• **WHAT YOU HAVE TO DO**:
Output the exact lines that start at the one containing "General description If" and continue to the last line of the entries below; do not output pictures.

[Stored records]
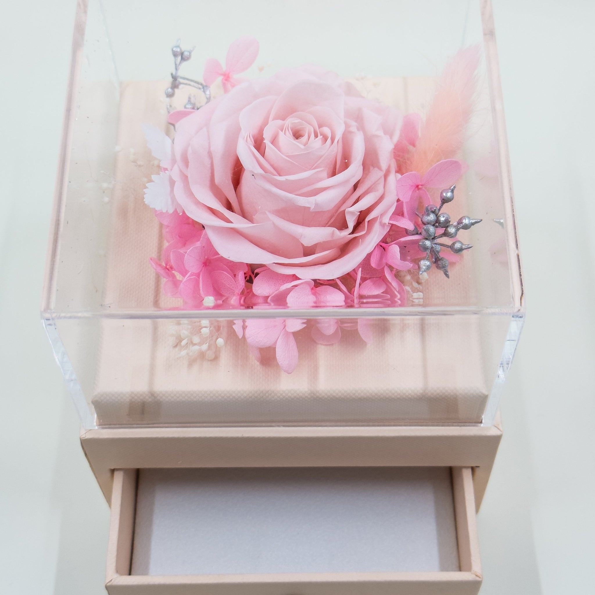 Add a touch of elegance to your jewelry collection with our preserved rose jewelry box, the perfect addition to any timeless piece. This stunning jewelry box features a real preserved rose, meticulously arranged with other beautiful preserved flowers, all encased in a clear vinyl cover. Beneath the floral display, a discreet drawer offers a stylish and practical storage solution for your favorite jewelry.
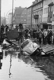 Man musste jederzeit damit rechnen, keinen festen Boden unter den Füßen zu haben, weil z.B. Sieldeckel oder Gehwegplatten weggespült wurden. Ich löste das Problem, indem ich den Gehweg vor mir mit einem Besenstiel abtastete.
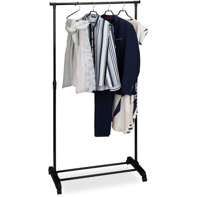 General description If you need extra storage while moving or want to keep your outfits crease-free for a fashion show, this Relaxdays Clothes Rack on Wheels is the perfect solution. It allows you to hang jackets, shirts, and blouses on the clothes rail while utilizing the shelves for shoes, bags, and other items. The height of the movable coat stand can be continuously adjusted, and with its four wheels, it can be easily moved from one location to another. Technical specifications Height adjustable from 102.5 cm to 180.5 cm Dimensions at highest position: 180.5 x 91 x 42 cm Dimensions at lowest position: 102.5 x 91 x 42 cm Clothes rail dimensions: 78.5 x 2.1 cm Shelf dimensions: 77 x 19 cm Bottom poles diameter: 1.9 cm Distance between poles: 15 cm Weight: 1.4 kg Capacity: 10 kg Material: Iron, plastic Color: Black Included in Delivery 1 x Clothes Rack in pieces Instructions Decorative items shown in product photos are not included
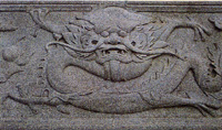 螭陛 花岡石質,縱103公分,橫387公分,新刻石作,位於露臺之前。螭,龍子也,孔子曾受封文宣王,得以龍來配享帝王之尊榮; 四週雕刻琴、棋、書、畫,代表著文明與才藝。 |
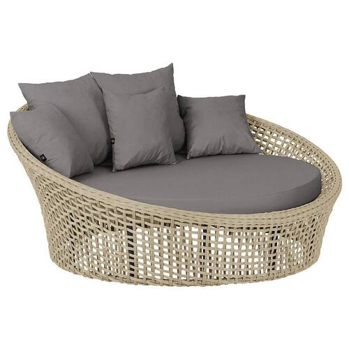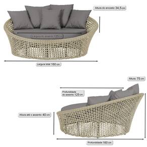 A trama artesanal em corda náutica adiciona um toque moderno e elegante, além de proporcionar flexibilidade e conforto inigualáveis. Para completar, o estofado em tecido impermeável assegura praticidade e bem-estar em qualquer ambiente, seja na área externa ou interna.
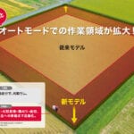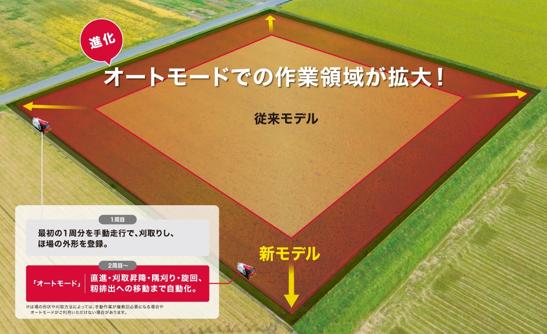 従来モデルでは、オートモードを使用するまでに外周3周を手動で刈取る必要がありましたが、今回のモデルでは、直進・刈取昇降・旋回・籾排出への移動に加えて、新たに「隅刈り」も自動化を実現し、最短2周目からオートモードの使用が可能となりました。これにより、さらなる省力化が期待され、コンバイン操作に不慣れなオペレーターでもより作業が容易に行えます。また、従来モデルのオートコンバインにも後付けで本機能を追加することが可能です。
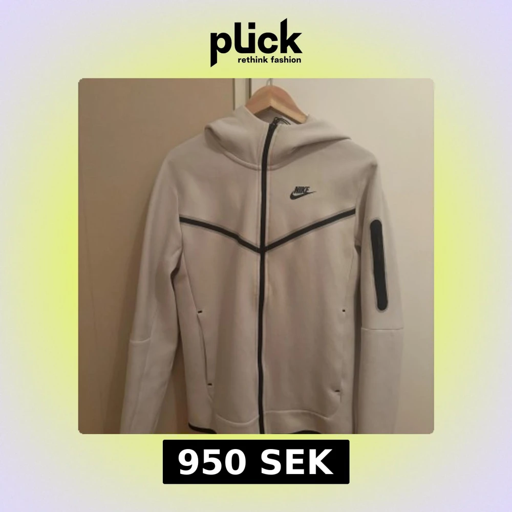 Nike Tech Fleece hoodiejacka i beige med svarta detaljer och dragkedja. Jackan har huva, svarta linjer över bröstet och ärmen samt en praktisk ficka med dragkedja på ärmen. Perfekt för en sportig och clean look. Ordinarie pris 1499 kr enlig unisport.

• **SOLUTION TO THE PROBLEM**:
 General description If you need extra storage while moving or want to keep your outfits crease-free for a fashion show, this Relaxdays Clothes Rack on Wheels is the perfect solution. It allows you to hang jackets, shirts, and blouses on the clothes rail while utilizing the shelves for shoes, bags, and other items. The height of the movable coat stand can be continuously adjusted, and with its four wheels, it can be easily moved from one location to another. Technical specifications Height adjustable from 102.5 cm to 180.5 cm Dimensions at highest position: 180.5 x 91 x 42 cm Dimensions at lowest position: 102.5 x 91 x 42 cm Clothes rail dimensions: 78.5 x 2.1 cm Shelf dimensions: 77 x 19 cm Bottom poles diameter: 1.9 cm Distance between poles: 15 cm Weight: 1.4 kg Capacity: 10 kg Material: Iron, plastic Color: Black Included in Delivery 1 x Clothes Rack in pieces Instructions Decorative items shown in product photos are not included
 螭陛 花岡石質,縱103公分,橫387公分,新刻石作,位於露臺之前。螭,龍子也,孔子曾受封文宣王,得以龍來配享帝王之尊榮; 四週雕刻琴、棋、書、畫,代表著文明與才藝。 |
 A trama artesanal em corda náutica adiciona um toque moderno e elegante, além de proporcionar flexibilidade e conforto inigualáveis. Para completar, o estofado em tecido impermeável assegura praticidade e bem-estar em qualquer ambiente, seja na área externa ou interna.
 従来モデルでは、オートモードを使用するまでに外周3周を手動で刈取る必要がありましたが、今回のモデルでは、直進・刈取昇降・旋回・籾排出への移動に加えて、新たに「隅刈り」も自動化を実現し、最短2周目からオートモードの使用が可能となりました。これにより、さらなる省力化が期待され、コンバイン操作に不慣れなオペレーターでもより作業が容易に行えます。また、従来モデルのオートコンバインにも後付けで本機能を追加することが可能です。
 Nike Tech Fleece hoodiejacka i beige med svarta detaljer och dragkedja. Jackan har huva, svarta linjer över bröstet och ärmen samt en praktisk ficka med dragkedja på ärmen. Perfekt för en sportig och clean look. Ordinarie pris 1499 kr enlig unisport.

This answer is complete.